Community Model Build Process
Note
This document is the Community Build Process, these are the general steps to get the cmb built.
Community Model Build diagram¶
Add the PRs to the local tree¶
Add the PRs you want to be built into the run. Tag the PRs with "cmb-running."

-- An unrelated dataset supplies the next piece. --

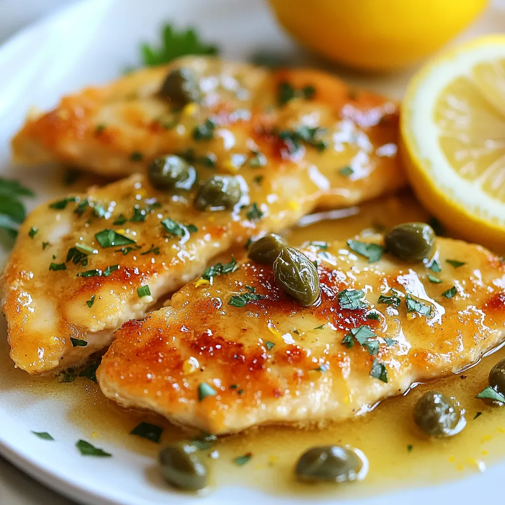 - 4 boneless, skinless chicken breasts - Salt and pepper to taste - 1/2 cup all-purpose flour - 4 tablespoons unsalted butter - 2 tablespoons olive oil The main ingredients create the base of this dish. Chicken breasts are the star, giving us a hearty protein. Salt and pepper add flavor, while flour helps to give the chicken a nice crust. Butter and olive oil work together to create a rich, flavorful cooking fat. - 3 cloves garlic, minced - 1 cup chicken broth (low-sodium) - 1 lemon (juice and zest) - 2 tablespoons capers, rinsed and drained - Fresh parsley, chopped (for garnish) These additional ingredients bring the dish to life. Garlic adds depth, while chicken broth gives moisture and flavor. The lemon juice and zest provide a bright, tangy note. Capers add a salty, briny touch, enhancing the overall taste. Fresh parsley and lemon slices make for a beautiful garnish, giving the dish that final touch. {{ingredient_image_1}} To start, you need to flatten the chicken breasts. Place each breast between two pieces of plastic wrap. Use a meat mallet and pound them until they are about 1/2 inch thick. This helps them cook evenly. Next, season both sides of the chicken with salt and pepper. Then, dredge each piece lightly in flour. Shake off any extra flour to avoid a heavy coating. This step adds a nice crust when you cook them. Now, it’s time to cook. In a large skillet, heat 2 tablespoons of butter and the olive oil over medium-high heat. Wait until the butter melts and gets bubbly. Add the chicken breasts to the skillet in a single layer. Cook them for about 4-5 minutes on each side. You want them golden brown and fully cooked. Once done, remove the chicken from the skillet and keep it warm on a plate. In the same skillet, add minced garlic. Sauté it for about 30 seconds until fragrant. This will add a wonderful flavor to your sauce. Carefully pour in the chicken broth, lemon juice, and lemon zest. Scrape the bottom of the pan to get all those tasty bits. Bring the mixture to a simmer. Stir in the rinsed capers and let the sauce cook for another 2-3 minutes. You want it to reduce and thicken slightly. Now, combine the chicken with the sauce. Reduce the heat to low, and return the chicken to the skillet. Spoon the sauce over the top of the chicken. Add the remaining 2 tablespoons of butter for a rich finish. Cook for one more minute to warm the chicken through. Make sure each piece is well-coated in the sauce. Finally, serve the chicken piccata right away. Garnish it with fresh parsley and extra lemon slices if you like. Enjoy this tasty meal! To cook chicken perfectly, you need to check the temperature. Use a meat thermometer. The chicken should reach 165°F (75°C) for safe eating. Cook the chicken for 4-5 minutes on each side. Look for a golden brown crust. That means it’s ready to flip. To avoid dry chicken breast, pound the chicken to even thickness. This helps it cook evenly. Also, don’t overcook it. Remove the chicken just when it reaches the right temperature. Let it rest for a couple of minutes before serving. This keeps it juicy. For better taste, try adjusting the seasoning. Add a pinch more salt or pepper if needed. You can also add a little garlic powder for extra flavor. Fresh ingredients always shine in this dish. Use fresh garlic and a ripe lemon for the best taste. Fresh parsley adds a nice touch too. It brightens up the plate and the flavor. Always choose quality ingredients to make your dish stand out. Pro Tips Flatten the Chicken Evenly: Make sure to pound the chicken breasts evenly to ensure they cook uniformly and stay juicy. Use Fresh Ingredients: Fresh lemon juice and zest will enhance the flavor of your piccata sauce significantly compared to bottled options. Don't Skip the Capers: Capers add a unique briny flavor that complements the lemon and chicken beautifully; don't leave them out! Garnish for Presentation: A sprinkle of fresh parsley and lemon slices not only adds color but also a fresh aroma to your dish. {{image_2}} To make Lemon Butter Chicken Piccata fit your needs, you can swap some ingredients. If you need a gluten-free option, use gluten-free flour for dredging the chicken. This choice keeps the dish tasty without the gluten. You can also add vegetables for a complete meal. Try adding fresh spinach or cherry tomatoes to the skillet when you cook the chicken. These veggies will soak up the sauce's great flavor and add color to your plate. Lemon Butter Chicken Piccata pairs well with many sides. Serve it over creamy mashed potatoes for a cozy meal. You can also try it with rice, which absorbs the lemon butter sauce nicely. For a fun twist, serve the chicken with pasta. Toss the pasta in the lemon butter sauce for extra zest. You can even use zucchini noodles for a lighter option. This way, you get a dish that's fresh and filling! To keep your Lemon Butter Chicken Piccata fresh, follow these tips: - Refrigeration: Store leftovers in an airtight container. Keep them in the fridge for up to three days. Make sure they cool down before sealing to prevent moisture build-up. - Freezing: For longer storage, freeze the chicken piccata. Place it in a freezer-safe container. It can last for up to three months. When ready to eat, thaw it in the fridge overnight before reheating. To enjoy your Lemon Butter Chicken Piccata again, use these methods: - Stovetop: Heat a skillet over low to medium heat. Add a splash of chicken broth or water to prevent sticking. Place the chicken in the skillet, cover, and heat until warm. - Microwave: Place the chicken on a microwave-safe plate. Add a few drops of water on top to keep it moist. Cover with a microwave-safe lid. Heat in short bursts, checking often to avoid overcooking. Following these steps ensures your Lemon Butter Chicken Piccata stays tasty and safe to eat! How do I make the sauce thicker? To thicken the sauce, you can use a few simple methods. One way is to add more flour. Mix a tablespoon of flour with a litt

mkdir -p compositional_skills/general/synonyms
vi compositional_skills/general/synonyms/attribution.txt
vi compositional_skills/general/synonyms/qna.yaml
Verify changes¶
ilab taxonomy diff
Warning
~/.local/share/instructlab/datasets
-- should be empty before starting
Every gpu should be "empty", or 0%
check with nvidia-smi
Create the data¶
ilab data generate
Run the training after the generate is complete¶
ilab model train --strategy lab-multiphase --phased-phase1-data ~/.local/share/instructlab/datasets/knowledge_train_msgs_XXXXXXX.jsonl --phased-phase2-data ~/.local/share/instructlab/datasets/skills_train_msgs_XXXXXXX.jsonl
Post training evaluation steps¶
If you want to send a sanity check, you can set these two variables to do a subset of the training:
export INSTRUCTLAB_EVAL_FIRST_N_QUESTIONS=10 # mtbench
export INSTRUCTLAB_EVAL_MMLU_MIN_TASKS=true # mmlu
(optional in case of sanity of a specific Sample Model creation)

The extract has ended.